Note
|
The Grid Community Toolkit documentation was taken from the Globus Toolkit 6.0 documentation. As a result, there may be inaccuracies and outdated information. Please report any problems to the Grid Community Forums as GitHub issues. |
The Grid Community Toolkit provides GRAM5: a service to submit, monitor, and cancel jobs on Grid computing resources. In GRAM, a job consists of a computation and, optionally, file transfer and management operations related to the computation. Some users, particularly interactive ones, benefit from accessing output data files as the job is running. Monitoring consists of querying and/or subscribing for status information, such as job state changes. Grid computing resources are typically managed by a local resource manager which implements allocation and prioritization policies while optimizing the execution of all submitted jobs for efficiency and performance according to site policy. GRAM is not a resource scheduler, but rather a protocol engine for communicating with a range of different local resource schedulers using a standard message format.
Conceptual details
A number of concepts underly the purpose and motivation for GRAM. These concepts are divided into broad categories below.
Targeted job types
GRAM is meant to address a range of jobs where arbitrary programs, reliable operation, stateful monitoring, credential management, and file staging are important.

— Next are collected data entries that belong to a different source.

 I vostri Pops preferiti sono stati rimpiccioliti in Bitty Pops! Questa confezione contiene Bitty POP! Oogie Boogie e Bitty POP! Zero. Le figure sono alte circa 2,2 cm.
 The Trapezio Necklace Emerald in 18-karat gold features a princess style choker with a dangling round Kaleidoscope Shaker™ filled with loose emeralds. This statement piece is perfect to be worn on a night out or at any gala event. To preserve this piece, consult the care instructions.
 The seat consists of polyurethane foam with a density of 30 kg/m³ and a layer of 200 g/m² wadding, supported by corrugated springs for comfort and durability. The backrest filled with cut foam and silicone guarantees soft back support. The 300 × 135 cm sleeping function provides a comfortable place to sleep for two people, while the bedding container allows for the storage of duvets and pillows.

GRAM is not meant to serve as a "remote procedure call" (RPC) interface for applications not requiring many of these features. Furthermore, its interface model and implementation may be too costly for such uses. The GRAM5 service protocols and implementation will always involve multiple round-trips to support these advanced features that are not required for simple RPC applications.
Component architecture
Rather than consisting of a monolithic solution, GRAM is based on a component architecture at both the protocol and software implementation levels. This component approach serves as an ideal which shapes the implementation as well as the abstract design and features.
- Service model
-
For GRAM5, the
globus-gatekeeper
daemon and GSI library are used for secure communications and service dispatch.The
globus-job-manager
daemon implements the job management and file transfer functionality. - Local Resource Manager Adapters
-
GRAM provides a scripted plug-in architecture to enable extension with adapters to control a variety of local resource systems.
Security
- Secure operation
-
GRAM5 uses SSL-based protocols to establish identity or provide other security tokens needed to authorize GRAM5 service requests. Once authorized, each instance of the job service runs as a local POSIX user. GRAM5 restricts job monitoring and management operations to those who are authorized by the local site policy.

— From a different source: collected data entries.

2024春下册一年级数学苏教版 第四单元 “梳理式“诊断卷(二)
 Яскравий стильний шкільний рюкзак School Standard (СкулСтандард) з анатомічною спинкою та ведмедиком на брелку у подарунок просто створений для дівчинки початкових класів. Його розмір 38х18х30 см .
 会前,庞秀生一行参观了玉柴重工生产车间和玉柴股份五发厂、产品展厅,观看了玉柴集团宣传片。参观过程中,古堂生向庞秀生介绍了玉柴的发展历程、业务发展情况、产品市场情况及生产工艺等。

- Local system protection domains
-
To protect users from each other, the GRAM5 job manager and the jobs it starts are executed in separate local security contexts. Additionally, GRAM mechanisms used to interact with the local resource are designed to minimize the privileges required and to minimize the risks of service malfunction or compromise.
- Credential delegation and management
-
A client delegates some of its rights to the GRAM service in order to allow it to perform file transfers on behalf of the client and send state notifications to registered clients. Additionally, GRAM5 provides per-job credentials so that job instances may perform further authentication with other services.
- Audit
-
GRAM uses a range of audit and logging techniques to record a history of job submissions and critical system operations. These records may be used to assist with accounting functions as well as to further mitigate risks from abuse or malfunction.
GCT 6.0 GRAM5 Approach
Introduction
The GRAM5 software implements a solution to the job-management problem described above. This solution is specific to operating systems following the POSIX programming and security model.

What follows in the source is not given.